Performance of a prototype TORCH time-of-flight detector

TL;DR

This paper reports on the development and testing of a TORCH prototype, a novel time-of-flight detector using Cherenkov photons in quartz for charged particle identification, demonstrating performance close to design goals.

Contribution

The paper presents the construction, testing, and performance evaluation of a 1.25 m TORCH prototype module with MCP-PMTs, advancing the development of time-of-flight particle identification technology.

Findings

Photon yield measurements match expectations.

Single-photon time resolution approaches design goals.
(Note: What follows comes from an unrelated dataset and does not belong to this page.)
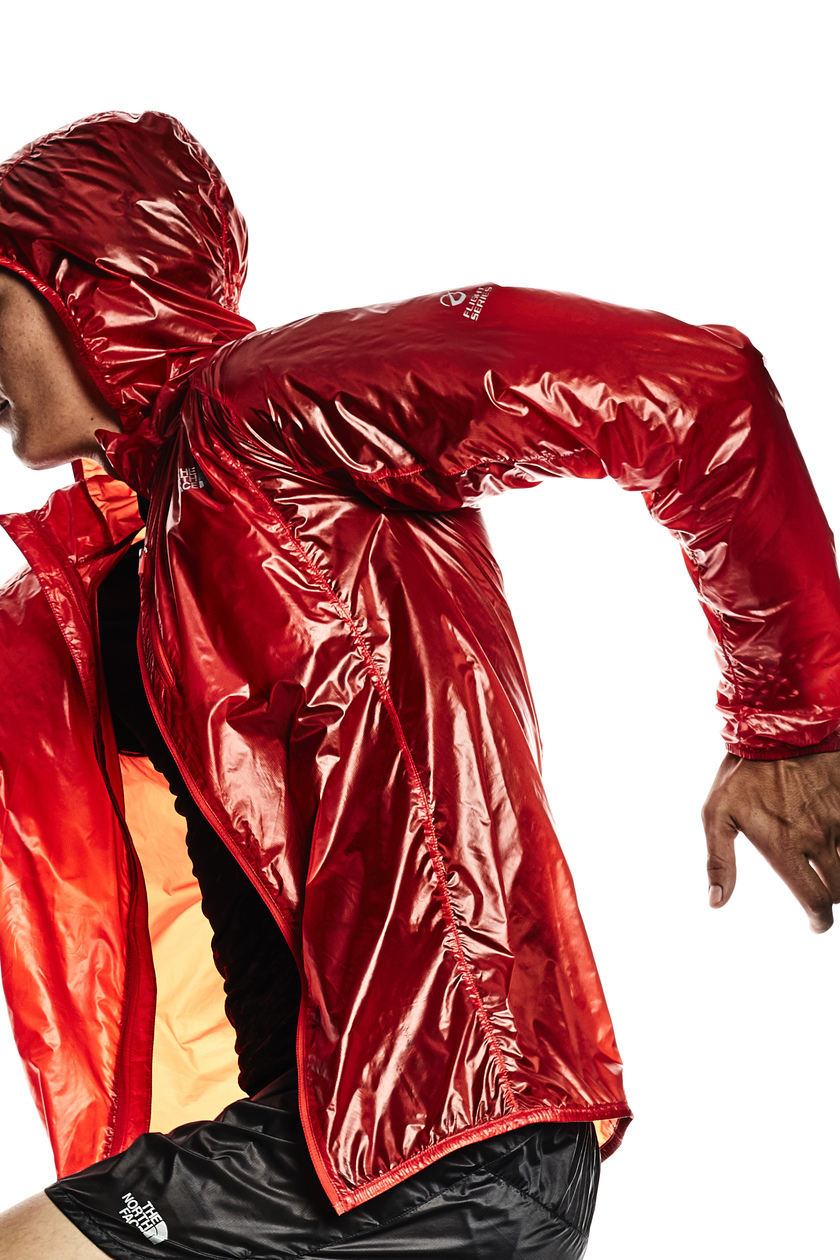 FLIGHT RKT JACKET 由 The North Face 全球签约运动员设计师、世界各大顶尖越野跑赛事佼佼者 Mike Foote 亲自设计,并经专业运动员测试,能满足竞赛需求。作为 The North Face 史上最轻量的跑步夹克,FLIGHT RKT JACKET 重量仅为 79g,“轻薄”在此得到了更优化简约的体现。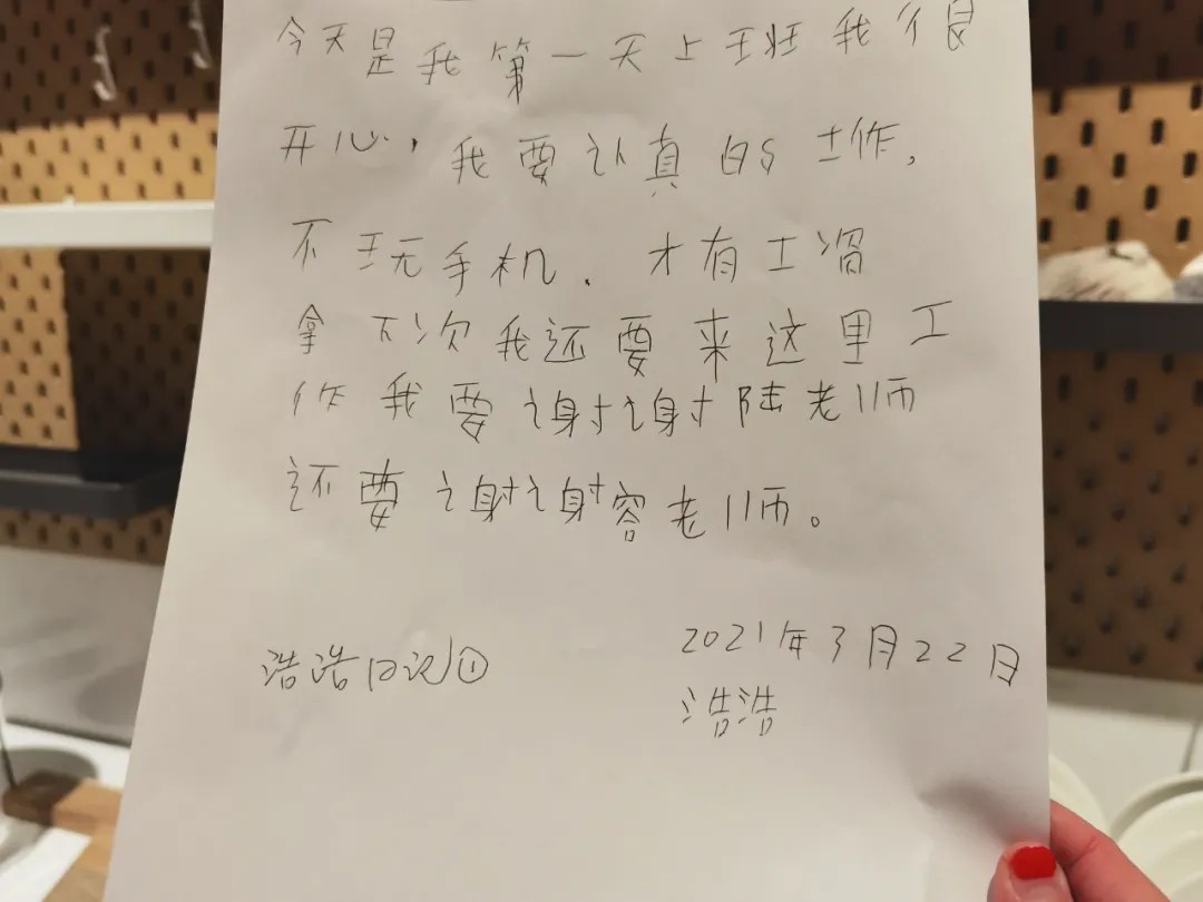 其实,浩浩从小不喜欢看书写字,初中时浩浩的一个老师告诉他:“读书会让你不再孤独。”渐渐地,浩浩在老师的带领下,才慢慢开始学习读书写字,为了让浩浩每天写工作日记,从50个字写到100字再到200字。天真者咖啡的老师不允许浩浩在工作时间玩手机,不玩手机才能有工资。

Prototype performance is close to full-scale detector requirements.

Abstract

TORCH is a novel time-of-flight detector, designed to provide charged particle identification of pions, kaons and protons in the momentum range 2-20 GeV/c over a 9.5 m flight path. A detector module, comprising a 10mm thick quartz plate, provides a source of Cherenkov photons which propagate via total internal reflection to one end of the plate. Here, the photons are focused onto an array of custom-designed Micro-Channel Plate Photo-Multiplier Tubes (MCP-PMTs) which measure their positions and arrival times. The target time resolution per photon is 70 ps which, for 30 detected photons per charged particle, results in a 10-15 ps time-of-flight resolution. A 1.25 m length TORCH prototype module employing two MCP-PMTs has been developed, and tested at the CERN PS using a charged hadron beam of 8 GeV/c momentum. The construction of the module, the properties of the MCP-PMTs and the readout electronics are described. Measurements of the collected photon yields and single-photon time resolutions have been performed as a function of particle entry points on the plate and compared to expectations. These studies show that the performance of the TORCH prototype approaches the design goals for the full-scale detector.